[Available data Boundary: Start]
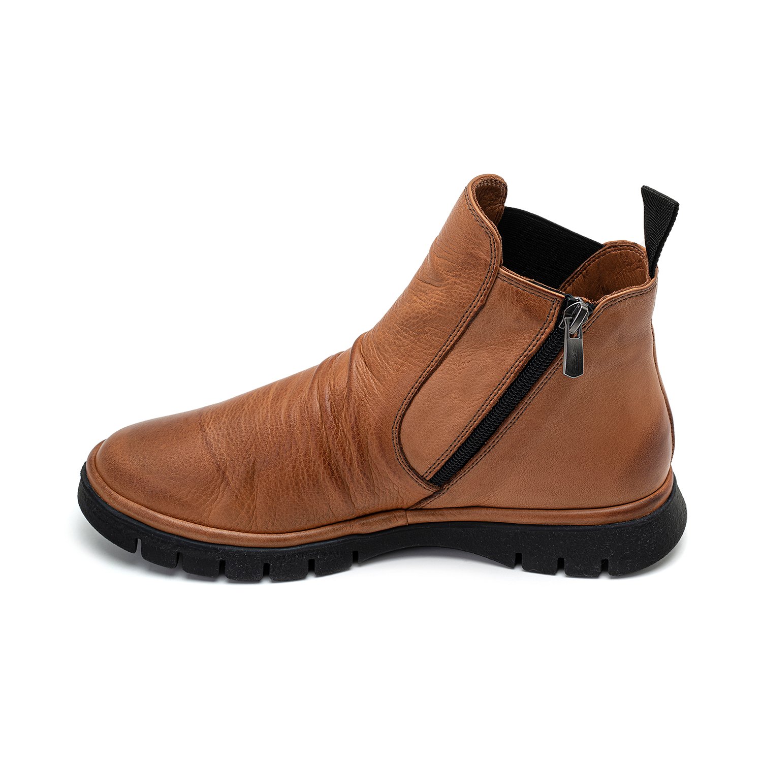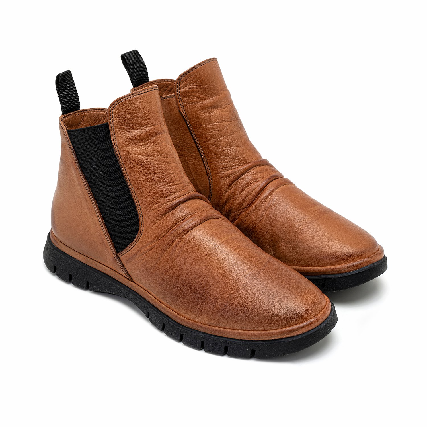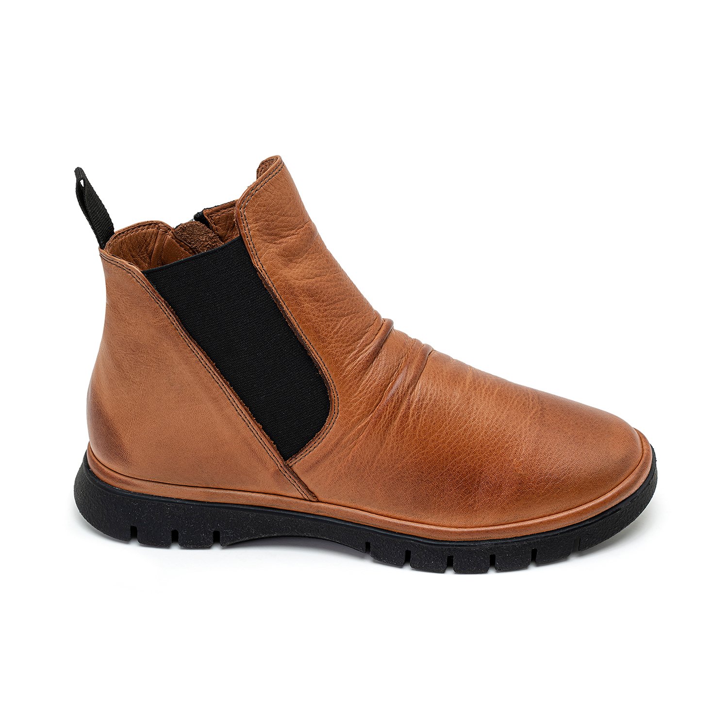 %100 deri, deri iç tabanlı, tekstil astarlı, kauçuk tabanlı, lastik detaylı, kadın bot.
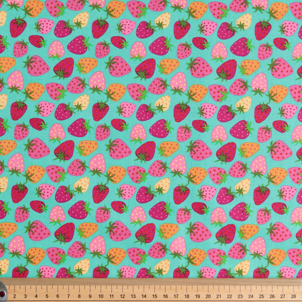 Pink and orange strawberries scattered over a blue background. Beautiful, high quality, printed cotton fabric. Ideal for quilting, masks, crafts, displays, table decoration and as a dressmaking fabric.
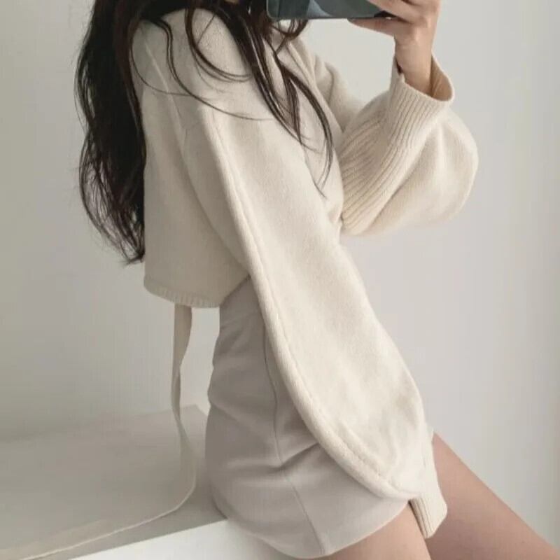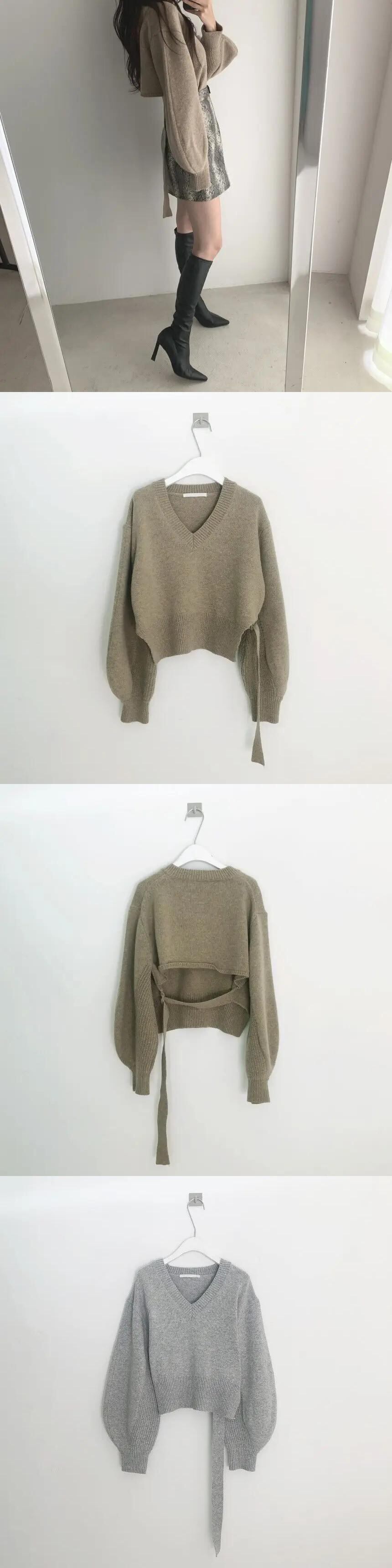 セーターオープンバックレースアップトップ V ネックセータールーズスリムランタンスリーブニット Y2k 黒グレー ブラック Vネック
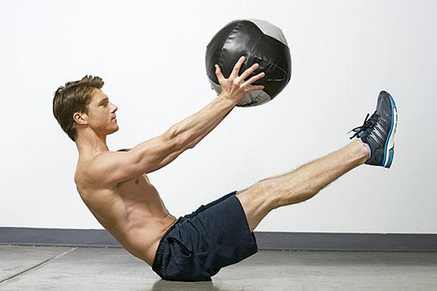 Otro de los ejercicios más adecuados para conseguir tener unos abdominales marcados consiste en hacer un tipo de ejercicio que se conoce como "abdominales en V". Tienes que sentarte sobre una colchoneta y aguantar una pelota con las manos, estirando los brazos a la altura de tus ojos.
[Available data Boundary: End]
§ What is required: The finished copy should match the data above word for word and contain no pictures.

§ Written answer:
 %100 deri, deri iç tabanlı, tekstil astarlı, kauçuk tabanlı, lastik detaylı, kadın bot.
 Pink and orange strawberries scattered over a blue background. Beautiful, high quality, printed cotton fabric. Ideal for quilting, masks, crafts, displays, table decoration and as a dressmaking fabric.
 セーターオープンバックレースアップトップ V ネックセータールーズスリムランタンスリーブニット Y2k 黒グレー ブラック Vネック
 Otro de los ejercicios más adecuados para conseguir tener unos abdominales marcados consiste en hacer un tipo de ejercicio que se conoce como "abdominales en V". Tienes que sentarte sobre una colchoneta y aguantar una pelota con las manos, estirando los brazos a la altura de tus ojos.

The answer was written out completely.